French police frustrated by new strike blockades
- Published
French strikers have tightened fuel blockades, hours after security forces began clearing protesters from depots.
Police reopened three sites in western France overnight, after ministers ordered that all of them be lifted.
But protesters against the government's pension reforms later returned to one of the fuel depots and imposed a new blockade in the south.
In Paris, masked youths clashed with police in the suburb of Nanterre and students gathered outside the Senate.
The upper house of the French legislature is due to vote on raising the retirement age later this week.
Transport workers are continuing their protests and the national rail operator, the SNCF, said one in three high-speed TGV trains had been cancelled.
President Nicolas Sarkozy has insisted he will press ahead with plans to raise the retirement age from 60 to 62 and the full state pension age from 65 to 67.
Across the country, one in four fuel stations has run dry. MPs were told that 3,190 were still empty on Wednesday. The number on Tuesday was closer to 4,000.
All 12 refineries on the French mainland have been affected by strike action.

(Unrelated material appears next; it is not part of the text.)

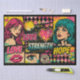 This decoupage paper features a bold comic pop art collage with women’s faces, lips, and eye illustrations in a high-contrast graphic style. The design includes the words “Love,” “Strength,” and “Hope” layered over harlequin diamond patterns, hearts, and grunge paint textures.

Interior Minister Brice Hortefeux authorised use of the paramilitary police to break blockades at fuel depots. He said he respected the right to protest, but that did not include the right to block workers or to commit pillage or violence.
The BBC's Christian Fraser said this force was the equivalent of a Swat team whose normal duties include hostage rescue.

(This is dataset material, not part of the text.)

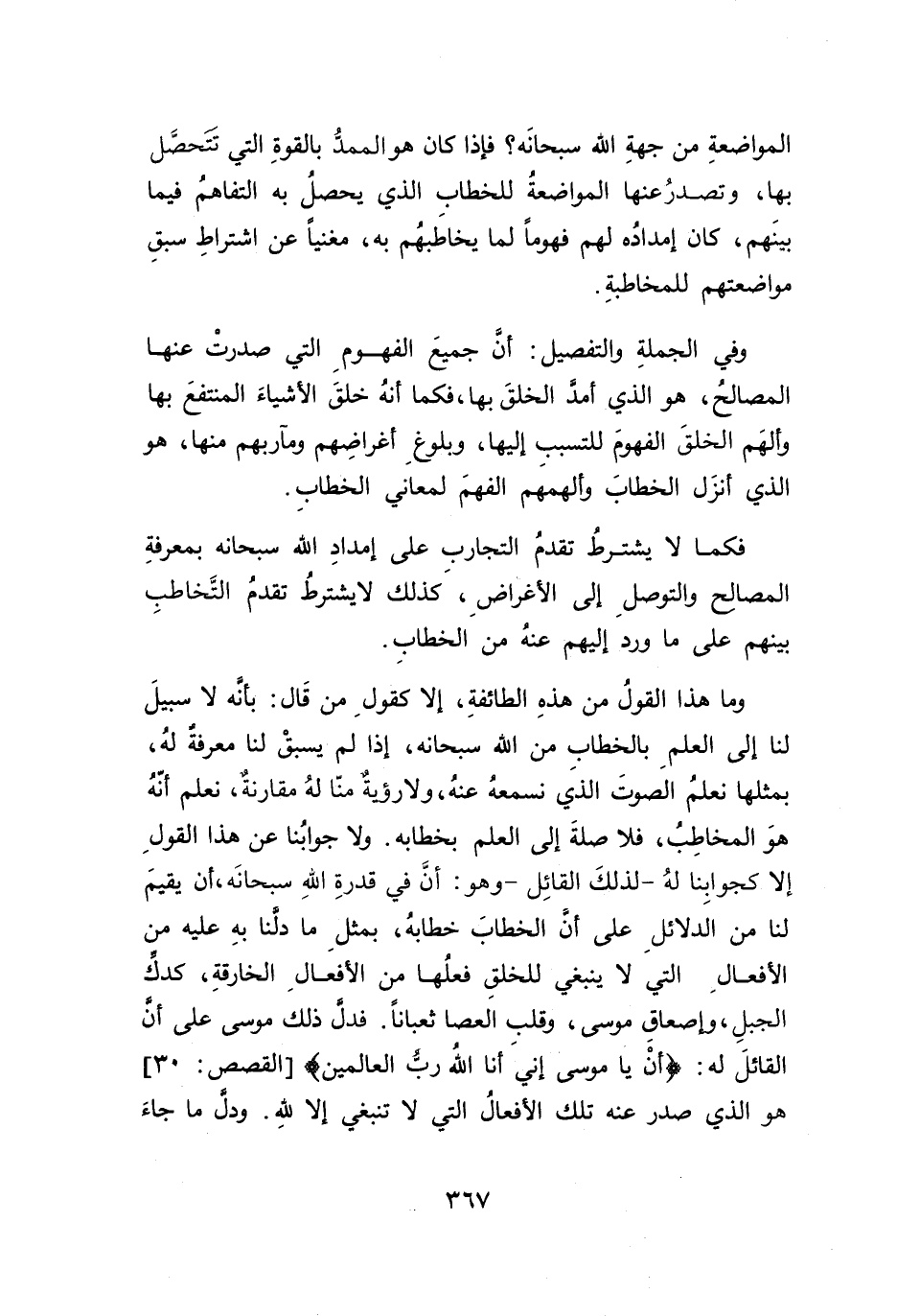 وما هذا القولُ من هذهِ الطائفةِ، إلا كقولِ من قَال: بأنَه لا سبيلَ لنا إلى العلمِ بالخطاب من الله سبحانه، إذا لم يسبقْ لنا معرفة له، بمثلها نعلمُ الصوتَ الذيَ نسمعهُ عنة، ولارؤية منّا لهُ مقارنة، نعلم أنّهُ هوَ المخاطِبُ، فلا صلةَ إلى العلم بخطابه. ولا جوابُنا عن هذا القولِ إلا كجوابِنا لهُ -لذلكَ القائِل- وهو: أن في قدرةِ اللهِ سبحانَه، أن يقيمَ لنا من الدلاْئلِ على أنَ الخطابَ خطابهُ، بمثلِ ما دلنا بهِ عليه من الأفعالِ التي لا ينبغي للخلقِ فعلُها من الأفعالِ الخارقةِ، كدك الجبلِ، وإصعاقِ موسى، وقلب العصا ثعباناً. فدل ذلك موسى على أن القائلَ له: {أَنْ يَا مُوسَى إِنِّي أَنَا اللَّهُ رَبُّ الْعَالَمِينَ} [القصص: ٣٠] هو الذي صدر عنه تلك الأفعالُ التي لا تنبغي إلا لله. ودل ما جاء

In the early hours of Wednesday, riot police lifted the blockade at three fuel depots, in Donges, La Rochelle and Le Mans. However, strikers reimposed their blockade at Donges.
In the south of the country, unions blocked the fuel depot at Trapil, which supplies civilian and military airports in the region, but were later said to have left the site of their own accord.

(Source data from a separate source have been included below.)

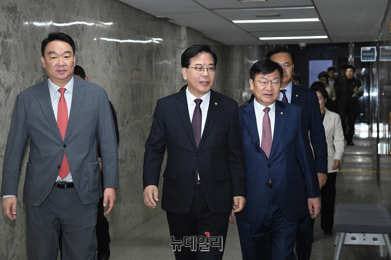 송언석 국민의힘 원내대표가 14일 오전 국회에서 열린 원내대책회의에 참석하고 있다.
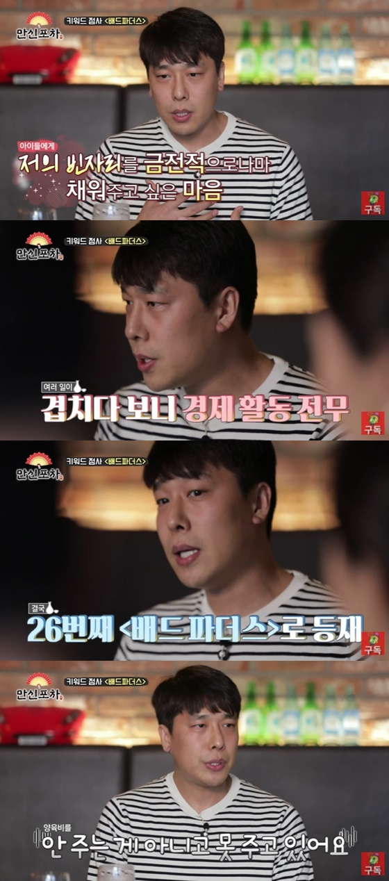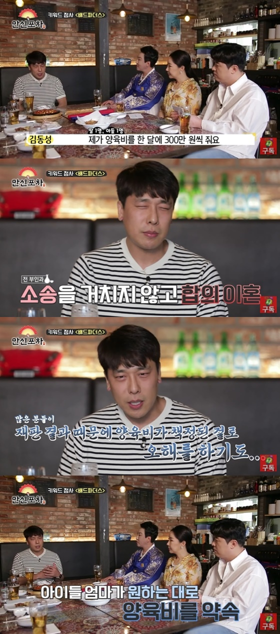 김동성은 지난 10일 공개된 유튜브 채널 베짱이엔터테인먼트 예능인 '만신포차'에 게스트로 출연했다. 그는 밀린 양육비에 대해 솔직하게 털어놨다.
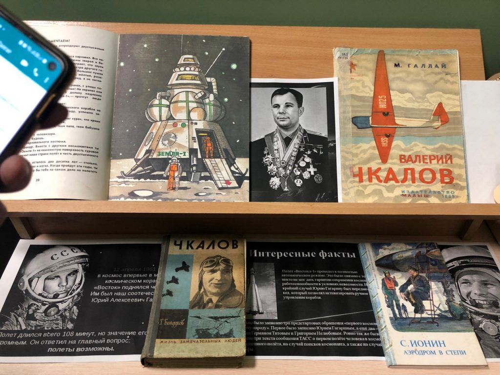 Библиотекарь подготовила беседу, наполненную интересными фактами о полете Юрия Гагарина и книги: А. Митяев «Сегодня праздник», М. Галлай «Валерий Чкалов», Г. Гайдуков «Чкалов, жизнь замечательных людей», С.Ионин «Аэродром в степи»,заинтересовавших детей. Ребята, пришедшие на выставку с особым интересом вчитывались и задавали вопросы.

Our correspondent said the unions and the government were engaging in a game of cat-and-mouse over the fuel blockades.
In a separate development, striking workers were reported to have stopped gas from being injected into the country's network from three out of 12 storage sites.
The Sud Energie union said the three facilities represented about 60% of France's gas storage capacity.
About 300 striking workers staged a protest at France's main airport, Roissy-Charles de Gaulle in Paris, blocking access to the main terminal building. They sang the national anthem before pushing through a police barricade and marching through the building, blowing whistles and waving flags.
Protesters also blocked the main road leading to one of two terminals at Orly airport in Paris, then blocked the road to the other terminal, according to the Paris airport authority.
The unions said the airport at Clermont Ferrand in central France had been shut down and reported disruption at airports elsewhere.
'Unacceptable' violence
There has also been further sporadic violence in areas affected by disturbances earlier in the week.
In Nanterre, youths smashed shop windows and threw stones while in Lyon there were skirmishes between rioters and police.
Mr Hortefeux, who later visited Lyon, condemned the violence, saying it was "unacceptable" that more than 60 police officers had been injured.
On Tuesday, unions called a sixth national day of protest since the return from the summer holidays in September.
About 1.1 million people took to the streets, the interior ministry said; the CGT union put the number at 3.5m.Despite the widespread disruption, the strikers continue to attract popular support, with one opinion poll suggesting that 71% of those surveyed back the industrial action.
President Sarkozy's poll ratings appear to have dropped even further as he tries to tackle the wave of protests.
One poll for BVA conducted on 15 and 16 October suggested his approval rating was down to 30%, the lowest for three years.
The number of French with either a negative or very negative opinion of their president rose five points from September to 69%.